The agreement also provides that, when a prisoner seeks an injunction for a case for which an inmate has been filed, he applies for an order on all matters for which the detainees have been submitted by the same «[S]tate». Article III, point (d). In this context, the various federal districts have been referred to as separate «[S]tates. See UNITED States v. Bryant, 612 F.2d 806 (4. Cir. 1979), cert. The agreement does not authorize prosecutions for other charges for which no detainee has been detained unless they arise from the same transaction. [Article V, point d) ] It is not clear whether the trial of the latter is mandatory. Applicability of the agreement: the agreement applies only to «a person (who) has imposed a prison sentence in a prison or prison institute» (Articles III bis) and IV, point a)) and is therefore not applicable to a person detained awaiting trial.
See UNITED States v. Reed, 620 F.2d 709, 711-12 (9. Cir.), cert. United States v Evans, 423 F. Supp. 528, 531 (S.D.N.Y. 1976), aff`d, 556 F.2d 561 (2d Cir. 1977). Since the agreement applies only to an inmate based on a spent «charge, information or complaint» requiring «procedure» (Article III A) and IV, point a), the agreement does not apply to an inmate on the basis of a parole warrant.
See Reed, supra. The parole procedure is presented in 18 United States.C 4214 (b). The agreement also does not apply to probation agreements. See Carchman v. Nash, 473 U.S. 716 (1985). transfer of prisoners: the anti-shuttling provisions: Article III, point (d), and Article IV, point e), contain similar provisions; if the trial is not dealt with an indictment, the information or complaints that are contemplated prior to the prisoner`s return to the place of original detention, that charge, information or complaint should not give rise to additional force or effect, and the court makes a decision rejecting it with prejudice, unless the United States is the receiving jurisdiction and a notice and opportunity for hearing has been given in accordance with Section 9 of the agreement. [Article IV, point e) ] It was found that the «trial» included a conviction in this context. See Walker v. King, 448 F. Supp. 580 (S.D.N.Y.

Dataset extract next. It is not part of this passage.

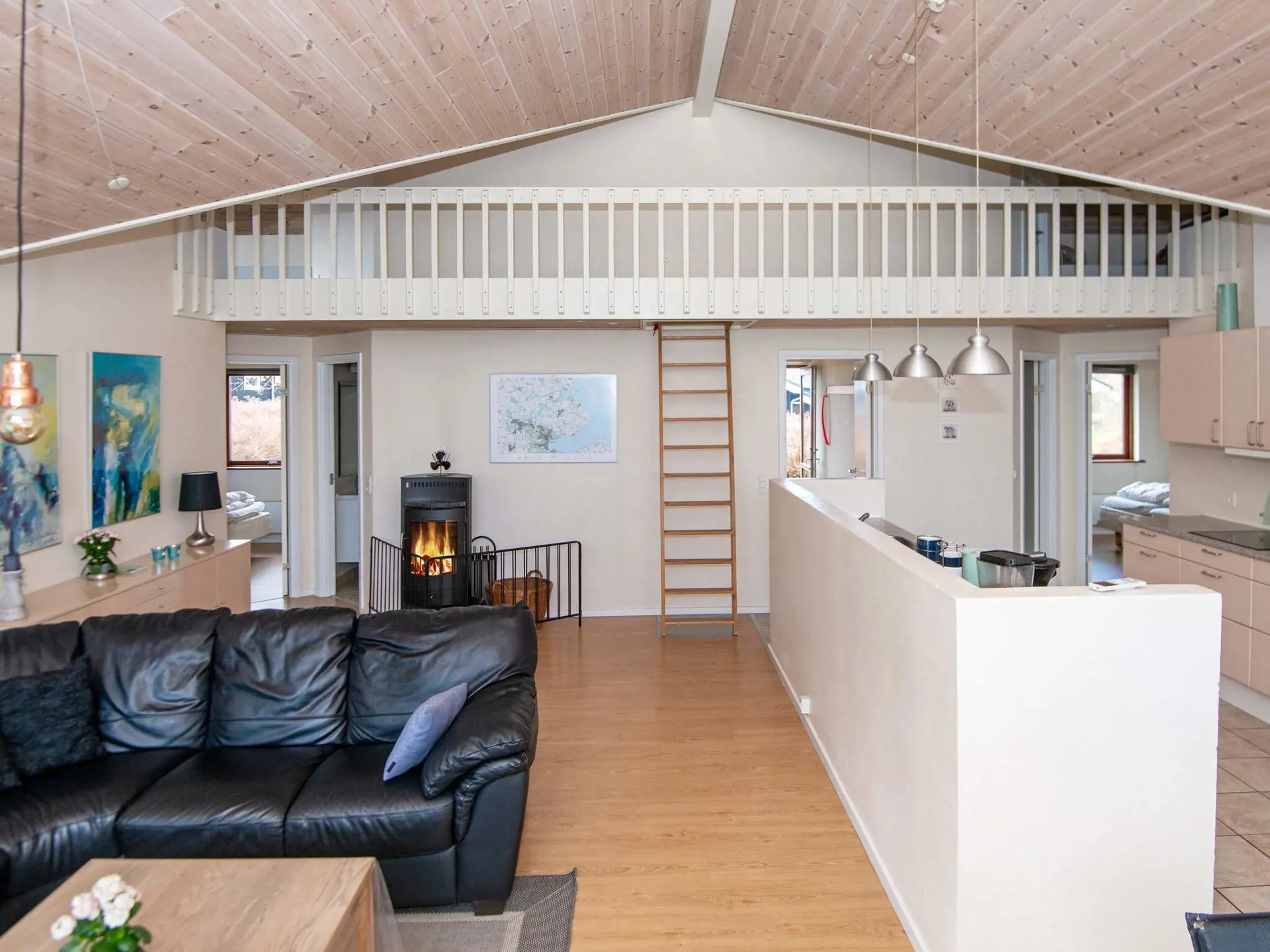 Dieses Ferienhaus liegt in dem landschaftlich reizvollen Gebiet Løjtland. Zu dem Haus gehört ein heller Aufenthaltsbereich mit einem Holzofen, der an kühleren Tagen für Wärme und Gemütlichkeit sorgt. In der Küche und in den Badezimmern gibt es Fußbodenheizung. Insgesamt gibt es vier Schlafzimmer und zwei Schlafböden. Die großen Terrassen führen um das gesamte Haus herum und bieten geschützte Ecken.

1978). The department did not accept this decision as a correct interpretation of the law. However, in order to avoid litigation and the risk of reversal of proceedings, the return of prisoners should be postponed to the period following the imposition of the sentence or a section 9 hearing. However, if the dismissal of an indictment is requested on the basis of the return of a prisoner before the conviction, it should be opposed. Article III of the agreement allows a prisoner to definitively arrest an unsolved charge, information or complaint against him in another state on the basis of which a detainee has been laid against him. Article IV allows the Crown of a state in which an unproven indictment, information or complaint is pending, to obtain temporary health detention for a prisoner against whom it has filed a detainee by filing a «written application» for conservatory custody with the incarcerated state. Article V provides for a detailed procedure for obtaining temporary conservatory custody.